На мое счастье кровотечение замедляется, почти прекращается, в кресле Питер устроен относительно удобно и засыпать явно не собирается. Он настойчиво пытается угостить меня чем-нибудь. Может быть, виски со льдом? У него есть отличный «Джеймисон».
Все никак не успокоится, все переживает, бедняга, что ничем не отблагодарил своего спасителя, а теперь добавилось еще и чувство неловкости оттого, что доставляет хлопоты нам, своим соседям и друзьям. Питер уговаривает нас оставить его одного, отправиться по своим делам. Нет, ведь правда, у нас же куча дел, не так ли? И вообще уже поздно. А он наверняка и сам справится с ситуацией, ничего такого страшного не произошло…
Да уж, ничего страшного… Хорошо, что Питер не видит себя со стороны.

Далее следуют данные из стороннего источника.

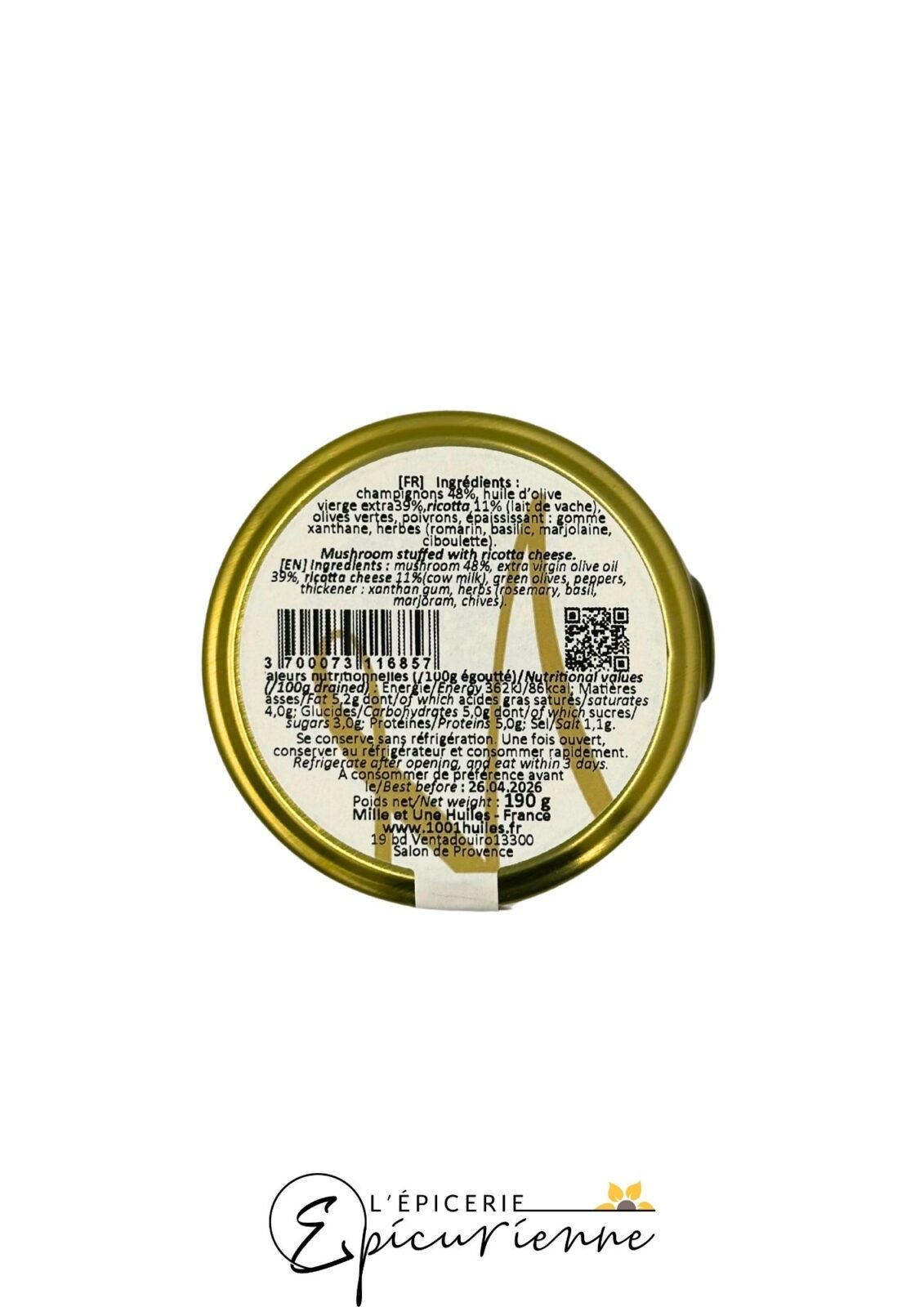 champignons farcis à la ricotta Mille et Une Huiles, champignons farcis, antipasti italiens, ricotta farcie, spécialité italienne, champignons apéritif, champignons gourmands, tapas italiens, antipasti raffinés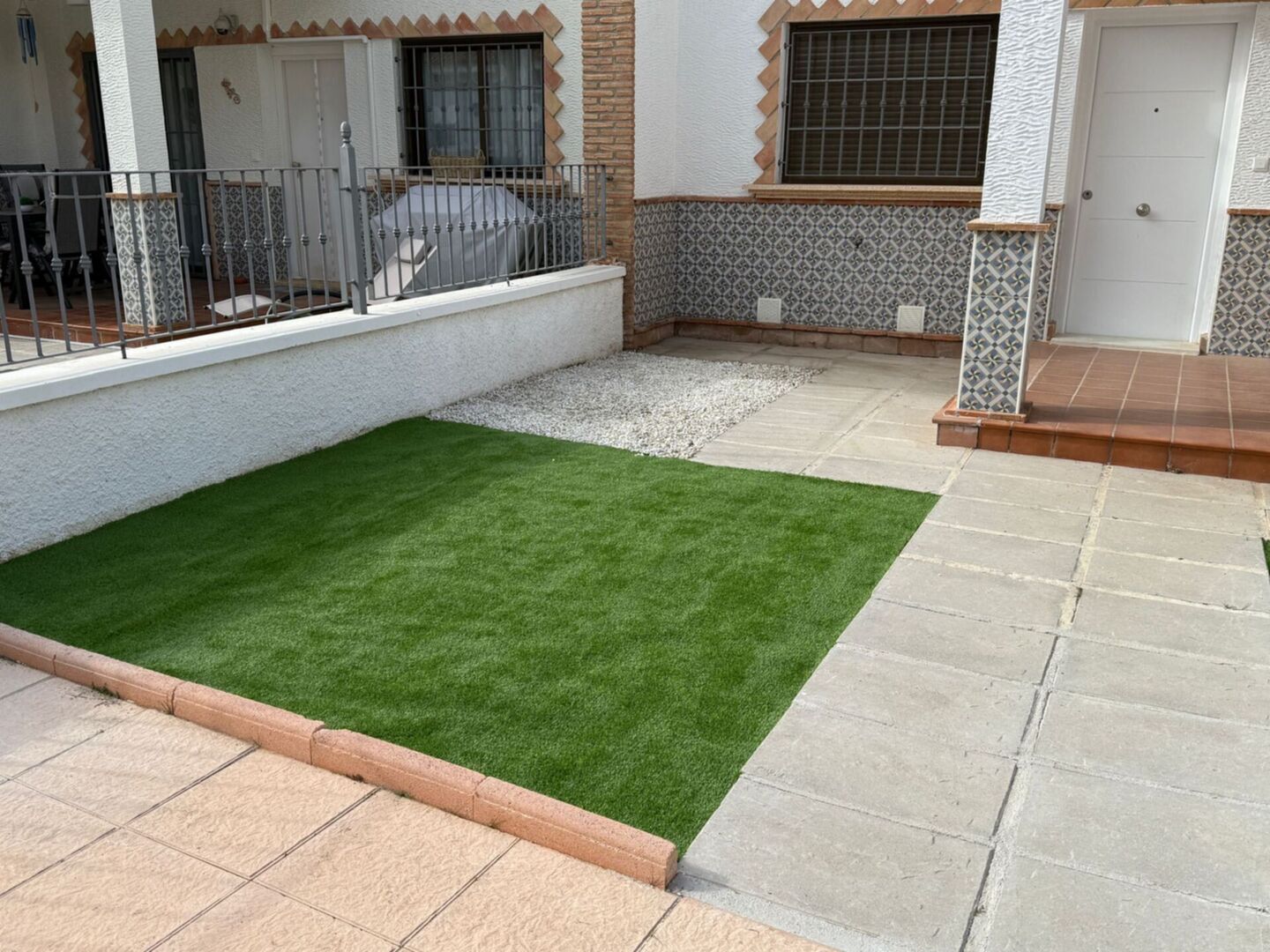 Entra en esta encantadora vivienda de dos plantas, totalmente reformada, y prepárate para ser cautivado! Con una espaciosa superficie útil de 82 m² (102 m² construidos), esta propiedad ofrece confort y estilo en su diseño cuidadosamente pensado. Imagina tomar el sol mediterráneo en tu solárium privado o disfrutar de un café tranquilo por la mañana en el acogedor porche. El amplio jardín delantero de 82 m² proporciona un delicioso oasis al aire libre para relajarse, entretenerse o incluso para un poco de jardinería. En el interior, encontrarás un salón-comedor diseñado, una cocina moderna, tres acogedoras habitaciones y tres elegantes baños completamente reformados. Cada detalle ha sido meticulosamente actualizado, asegurando una experiencia contemporánea y lista para entrar a vivir. La practicidad se une a la comodidad con un trastero grande y un garaje privado. Además, tendrás acceso a una refrescante piscina comunitaria, perfecta para esos cálidos días españoles. Todo esto está ubicado en una zona privilegiada de San Miguel de Salinas, cerca de todos los servicios esenciales.
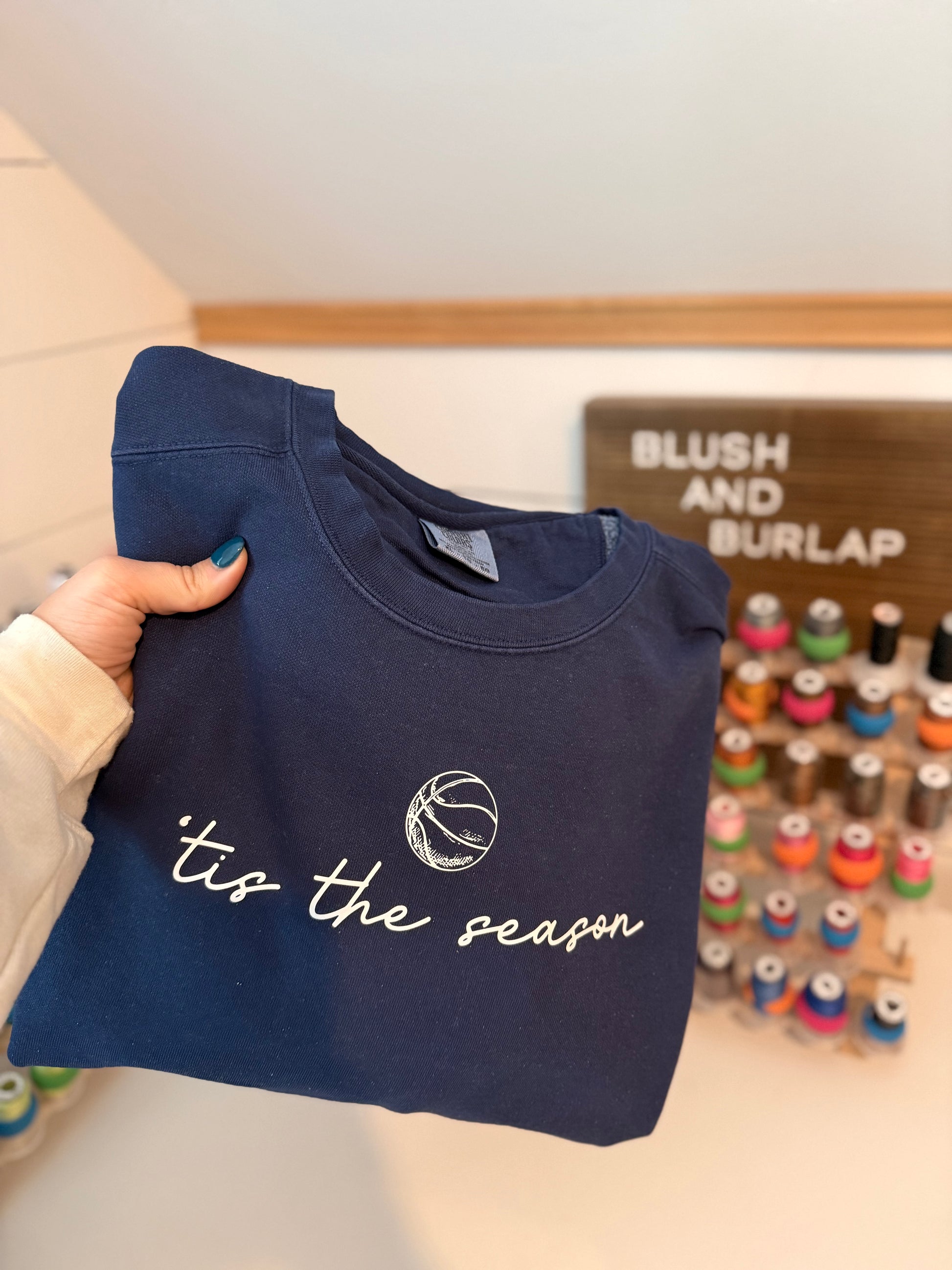 Elevate your game-day style with this basketball sweatshirt, featuring a bold "Tis the Season" design brought to life through premium DTF printing. The soft, durable fabric offers comfort whether you're cheering courtside or layering for casual wear. Perfect for basketball enthusiasts who want to showcase their passion with a design that stays vibrant wash after wash. Ideal for the season ahead. Choose your sweatshirt color and we will pick black/white writing that best suits the color chosen.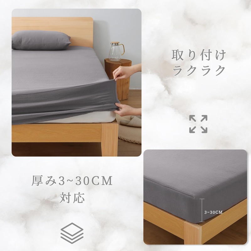 - (Easy to Put on and Stress-Free) The back of the sheet is equipped with rubber that prevents slippage around the entire sheet, making it easy to put on and take off. It will perfectly hug the corners of your mattress and fits perfectly over western bed mattresses as well as Japanese futons. It provides a comfortable feel without worrying about it slipping during repeated tossing and turning. Recommended for women who live alone, or those who have trouble with maintenance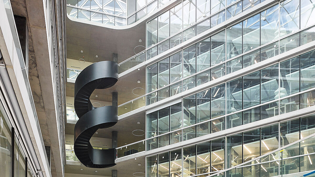 Das Atrium mit seinen zueinander versetzten Terrassen ist zentraler Begegnungs- und Kommunikationsort der Hochschuleinrichtung. Es wird von einer gläsernen Kuppel überspannt (die «metall» hatte in der Ausgabe Januar 2022 darüber berichtet) und bietet damit rund ums Jahr einen witterungsgeschützten Platz für Begegnungen. Die innenliegende Fassade des Gebäudes ist durchgängig transparent gestaltet. Hier kam eine Pfosten-Riegel-Konstruktion vom Typ VISS Fire, EI30 (50 mm) mit objektbezogenen T-Verbindern zum Einsatz. Die wärmegedämmte, auf dem System der Trockenverglasung basierende Konstruktion eignet sich ideal für grossflächige Vertikalfassaden. Mit ihren hochisolierten Stahlprofilen ermöglicht sie einerseits die Umsetzung des angestrebten Baustandards Minergie-ECO und «Gutes Innenraumklima» sowie die Anlehnung an die Zielvorgaben A des SIA-Effizienzpfads Energie (SEE), Bauen für die 2000-Watt-Gesellschaft. Andererseits ist die VISS Fassade im Hinblick auf das Laborumfeld als Brandschutzfassade ausgebildet. Das System VISS Fire mit diversen Zusatzkomponenten wie Brandschutzanker, Anpressprofilen aus Edelstahl etc. hält auch im Brandfall die Scheiben in der richtigen Position. So wird der Durchtritt von Feuer zuverlässig verhindert. Mit einer Ansichtsbreite von nur 50 Millimetern konnten die brandschutztechnischen Anforderungen besonders dezent und elegant umgesetzt werden.

Потом, с трудом выговаривая слова, он пытается обсудить со мной «деликатное дело»: нельзя ли меня попросить… нет, не солгать, лгать, конечно, невозможно… но… может быть, я мог бы в наименее драматической форме сообщить о произошедшем его жене Китти? Ведь она нездорова сама, она в больнице, у нее микроинсульт, ей нельзя волноваться… Ну поскользнулся, ну упал, шишку набил, с кем не бывает, дело житейское… Может быть, даже отложить на максимально возможный срок информирование Китти о событиях этой ночи? Если только это не поставит нас с женой в ложное положение, конечно…
Я как могу успокаиваю Питера, заверяю его, что мы придумаем, как сделать так, чтобы Китти не слишком обеспокоилась.
Питер смотрит на свой старый, но совсем еще недавно чистый пиджак и замечает на нем темно-красные пятна. В лице его что-то дергается. Он разглядывает свои руки и видит, что они все в крови – наполовину запекшейся, а наполовину алой, свежей.
Говорит:
– Вам, наверное, неприятно на меня смотреть…
Действительно, что уж тут может быть приятного… Но я улыбаюсь, и он улыбается в ответ. Ничего, и не такое переживали.
Но в горечи, звучащей в его голосе, я слышу и другое: Питер понимает, что впереди его не ждет уже ничего хорошего. Ему восемьдесят пять лет, и он очень болен. В последний год под ударом оказалась его психика: видеть наступление старческого слабоумия на человека, совсем еще недавно поражавшего своей энциклопедической эрудицией и блестящим острым умом, куда тяжелее, чем наблюдать сколь угодно обильное кровотечение. Э-эх!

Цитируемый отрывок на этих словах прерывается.